── Dataset extract ──
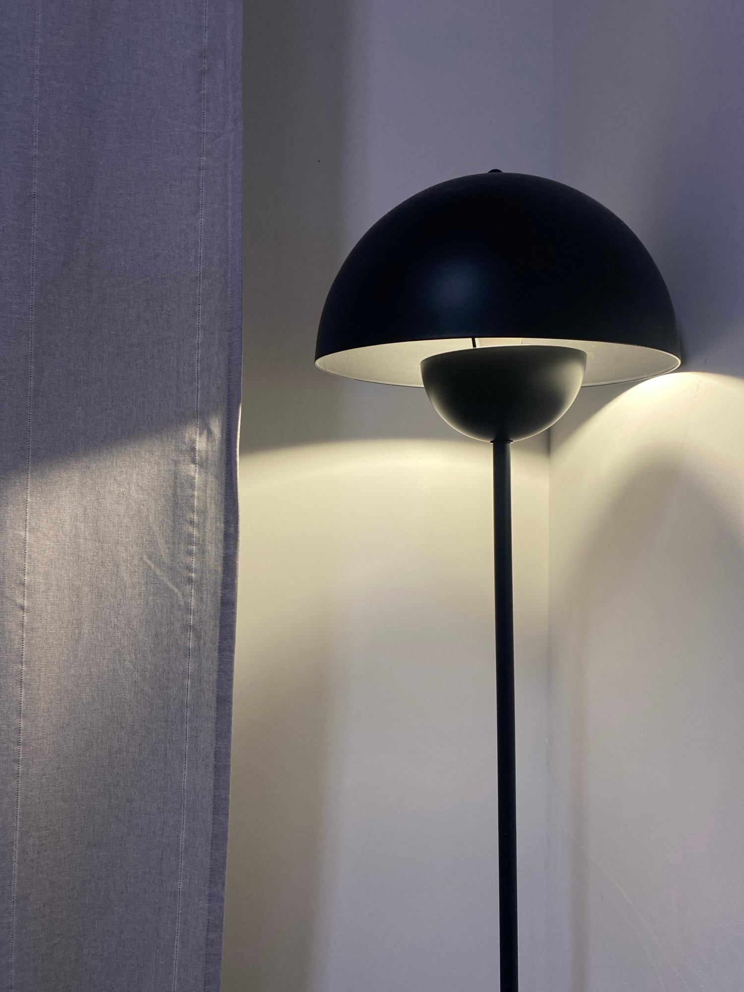 The image shows a black lamp with a spherical shade, attached to a straight pole, standing in front of a textured, grey fabric panel. The lamp is illuminated, casting a bright glow on the wall behind…read more
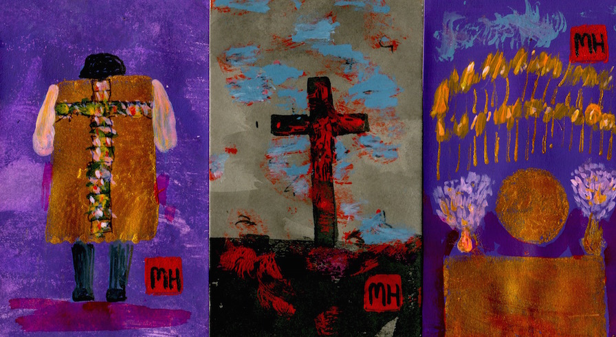 Accompanying his keynote address at the Melancholy, Nostalgia and the Religious Imagination, Society for the Study of Religion, Literature and the Arts Conference at the University of Sydney was the installation of a reliquary of cards and objects as accoutrements to his talk about childhood Catholic education.
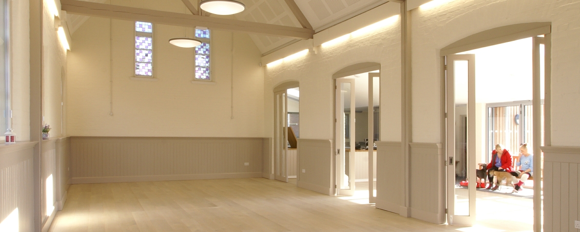 By opening up the main hall, the work creates a larger and warmer space, with better sanitary, kitchen and storage facilities and the ability to use the hall for larger groups and events or smaller meetings via existing openings into the extension this has been achieved, and the proposed kitchen is light and spacious with a connection to the hall spaces. Access and parking has also been improved with new paving and level access so the hall can be enjoyed by all.
───
# Work instruction:
Give back, exactly as written, the lines from the top of the material above to the line containing "Accompanying his keynote", both included; skip every picture.

# Result for this exercise:
 The image shows a black lamp with a spherical shade, attached to a straight pole, standing in front of a textured, grey fabric panel. The lamp is illuminated, casting a bright glow on the wall behind…read more
 Accompanying his keynote address at the Melancholy, Nostalgia and the Religious Imagination, Society for the Study of Religion, Literature and the Arts Conference at the University of Sydney was the installation of a reliquary of cards and objects as accoutrements to his talk about childhood Catholic education.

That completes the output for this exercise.